Bean's name will always be linked with that of his colleague, G. Brown Goode, with whom he wrote some 39 papers, culminating in the classic Oceanic Ichthyology. Their first joint paper was published in 1877, a description of two deep-water fishes collected while they were both aboard the Fish Commission steamer Speedwell. This incident left a deep impression on both of them and is recounted in the introduction of their last work, Oceanic Ichthyology, published the year Goode died and the year after Bean left Washington. Bean published more than 300 papers over the course of his career, about eighty percent of them dating from the time when he was at the Smithsonian and the Fish Commission. Most of his shorter systematic papers appeared in the Proceedings of the U. S. National Museum. Among his larger works, besides Oceanic Ichthyology, are The Fishes of Pennsylvania (1893), Catalogue of the Fishes of Long Island (1901), Food and Game Fishes of New York (1902), and Catalogue of the Fishes of New York (1903).

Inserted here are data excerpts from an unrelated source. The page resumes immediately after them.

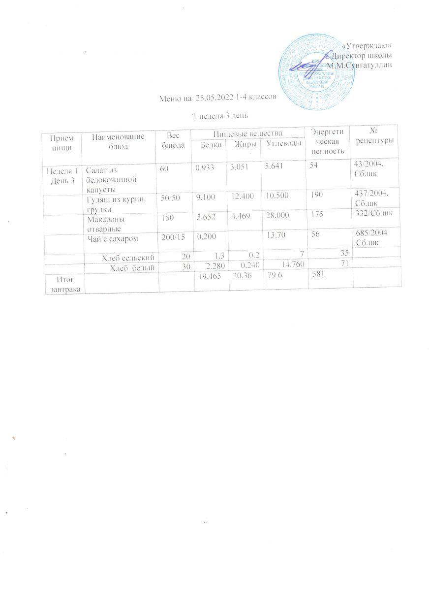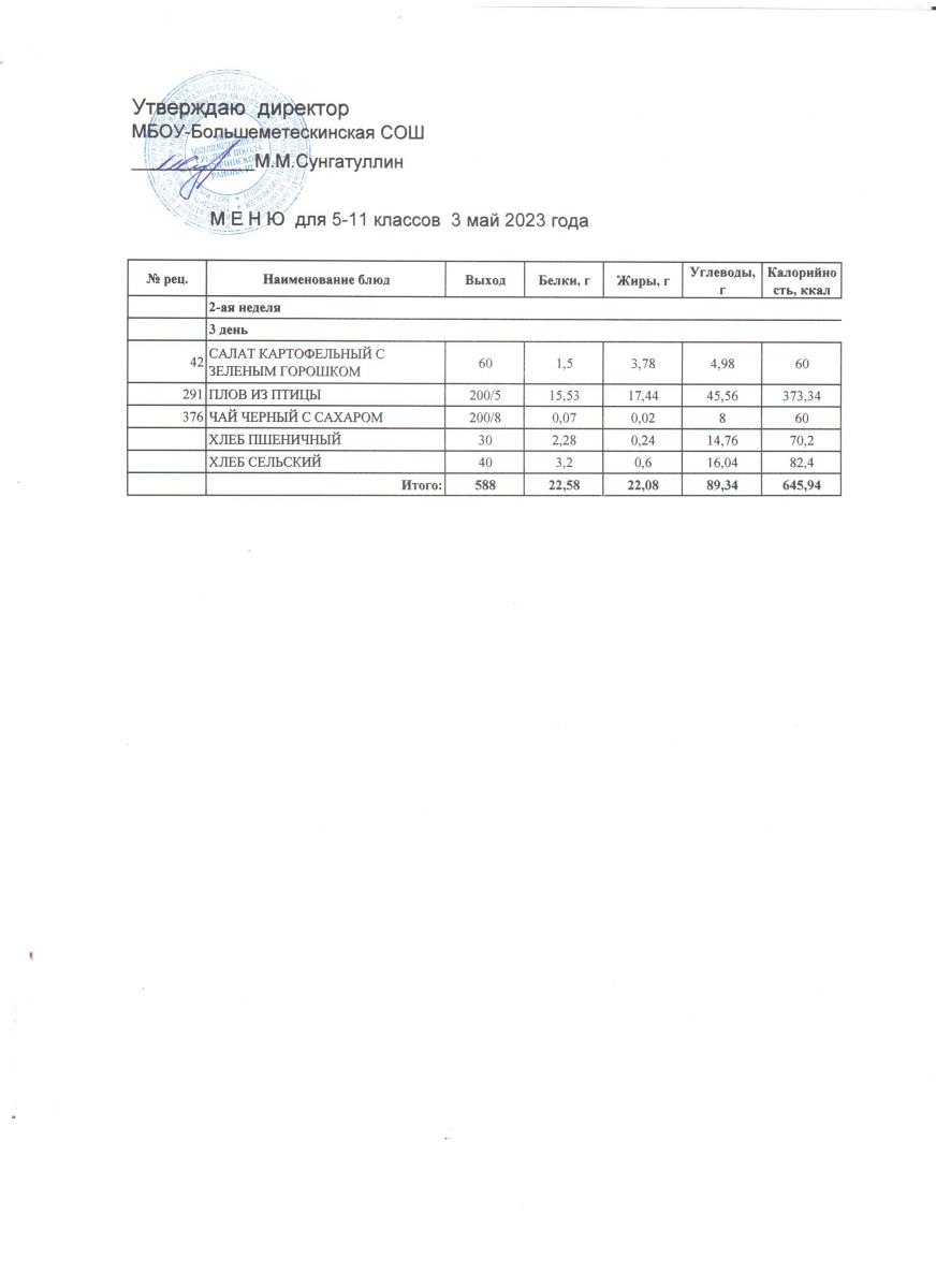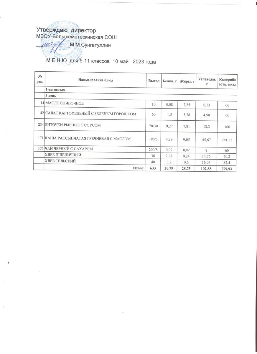 Меню для 5 - 11 классов на 03.05.2022 г.
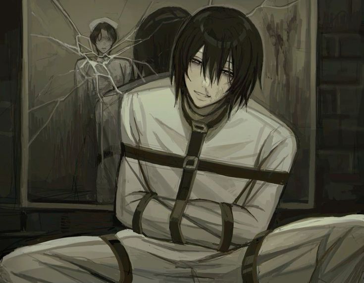 Руки связаны ремнями,
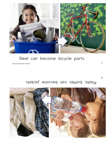 Steel can become bicycle parts. Because You Recycle • Level D Plastic bottles can become jackets. 7 8
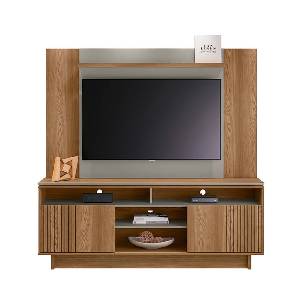 Conjunto Rack Bancada Salinas e Painel Aurora 60″ Amendoa/Titanio Linea Brasil (Entregue por Mega Mamute)
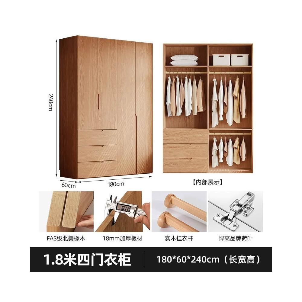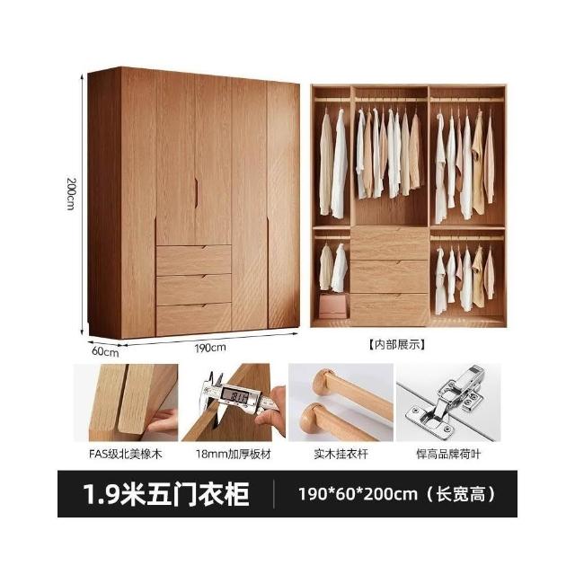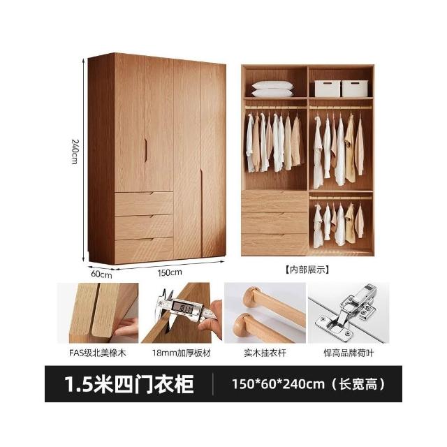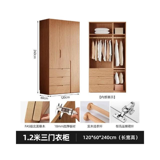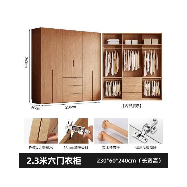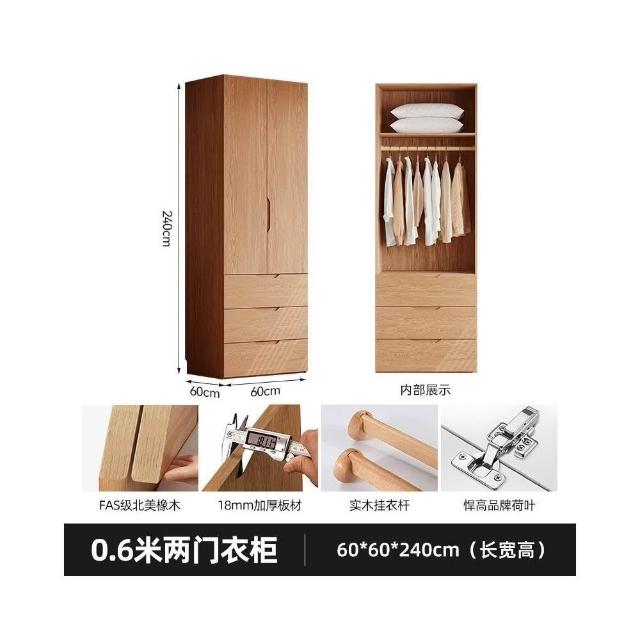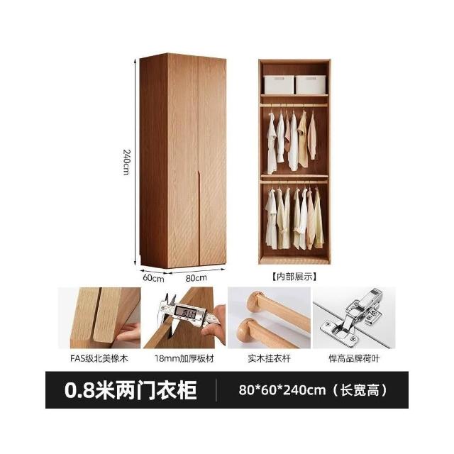 全實木橡木衣櫃臥室家用現代簡約儲物櫃子北歐原木風小戶型衣櫥櫃

Most of his later papers dealt with fish culture, and he published numerous popular articles in Forest and Stream magazine. Although the great majority of his work was on fishes, Bean also had considerable expertise in forestry and conservation. By the end of his life, he was generally considered to be the premier fish culturist in the world. His accomplishments were widely recognized in his time, and he received numerous awards from the US and other countries.